The enterprise gets the cloud. While most cloud use cases to-date have been observed in small or very large companies for a narrow breadth of tasks such as managing Flash workloads or e-commerce sites during peak traffic, O’Day predicts next year will see mainstream enterprise apps enter the cloud. “In terms of entering the mainstream so far it hasn’t at least for the enterprise … in 2011, the enterprise will start to take mainstream applications and put them in cloud environments,” said O’Day

New roles will emerge in the IT department.
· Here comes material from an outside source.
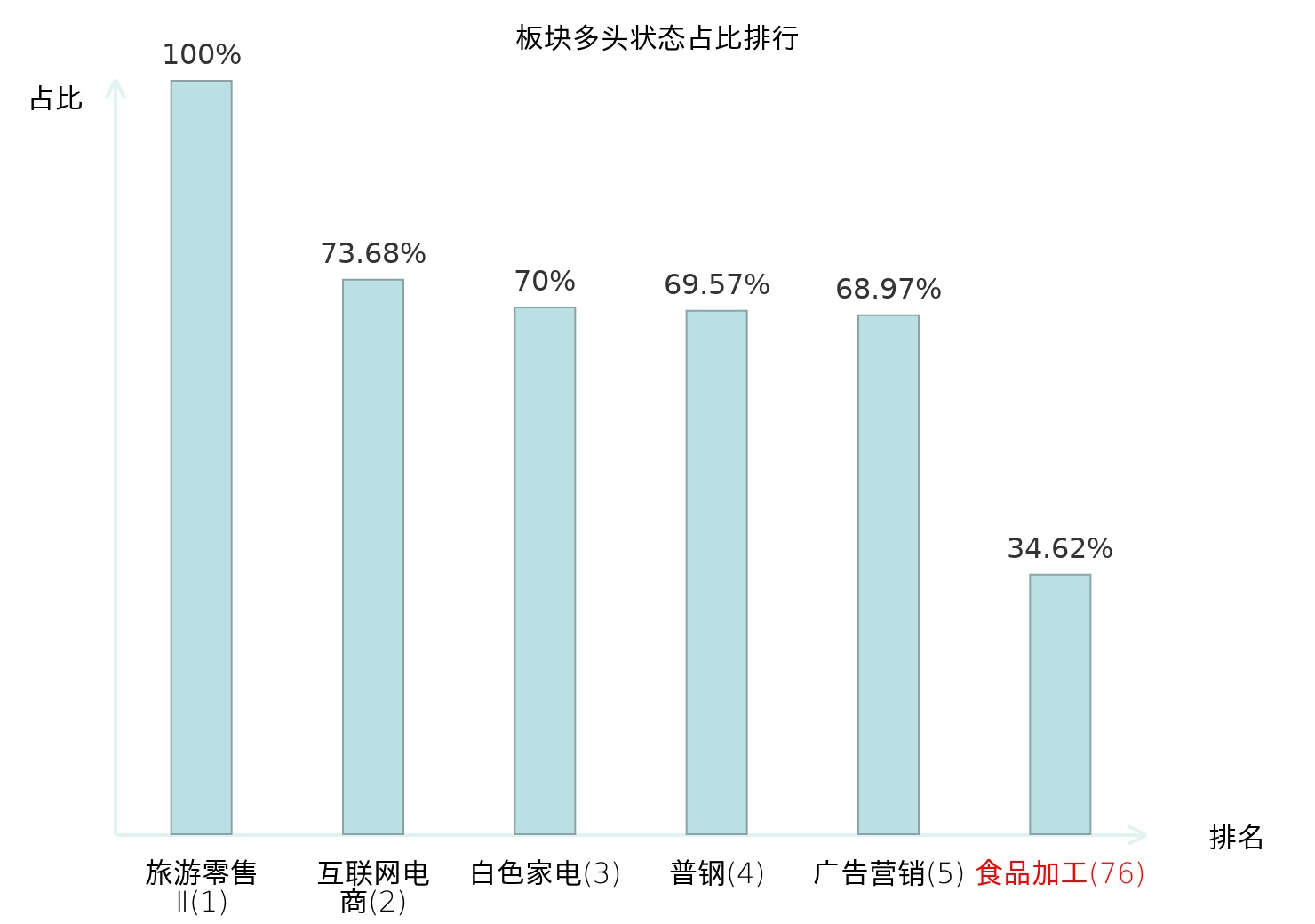 从主力宝信号数据分析,克明食品所属的食品加工板块中共9只股票处于主力多头状态,主力多头状态占比在全行业中排名第76位,较昨日上升5位。排名上升表明主力对于该板块整体看多意愿有所增强。全市场所有行业板块中,主力多头状态占比排名中,旅游零售Ⅱ板块位居第一;其他家电Ⅱ板块名次提升最快,较昨日上升66位。这些变动反映了不同行业间主力资金动向的趋势,为投资者提供了重要的市场参考信息。
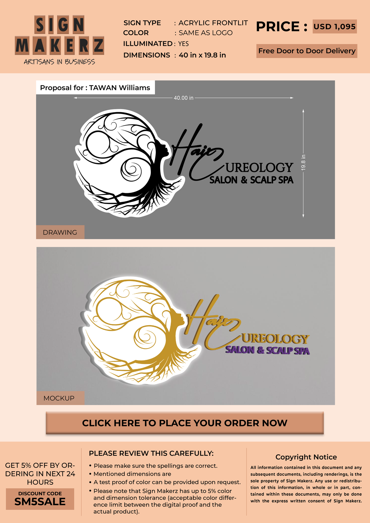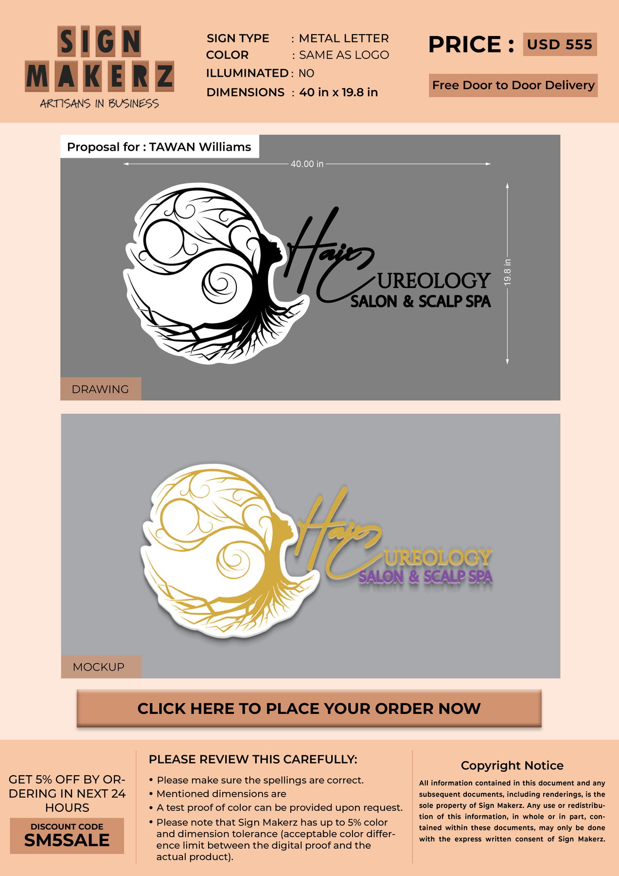 Crafted with premium material, this signage will elevate your business image, precisely mirroring your logo for a professional look.

Cloud computing will infuse itself in various aspects of IT department life including career management. “IT is not going to go away but some of the roles are going to need to transform,” said O’Day. One such new role will help business units decide whether a task should be hosted internally or externally based on requirements and possible providers. Existing jobs such as engineers and architects will be forced to somehow add cloud to their professional portfolio.

Open cloud standards will emerge. Enterprises will more easily be able to manage workloads across public and private clouds—an issue they face today, said O’Day. “Application portability is really the key, so the idea that I can move the workload from public to private very quickly and if I wanted to I could go from cloud provider to another,” said O’Day.

Just this week, Toronto-based research firm IDC Canada Ltd. issued its own technology predictions including one that foresees 2011 being the year that either makes or breaks cloud computing.
 

IDC Canada’s senior vice-president of worldwide consulting and managing director, Vito Mabrucco, pointed out that although businesses have identified cloud computing as the answer to the need for more affordable and flexible computing, the business case for the technology has still yet to be made. If businesses fail to make the case, the investment in cloud computing from the last 18 months will be lost.

 

Moreover, the current high-level cloud-speak isn’t exactly giving cloud computing that much needed push. Mabrucco explained cloud services vendors must make it “more real to the specific buying groups” to reflect the enterprise preference for private clouds and that of the small-to-medium sized business for public clouds.  

“So the rules of engagement are changing again, and change they must if cloud momentum is to continue,” said Mabrucco.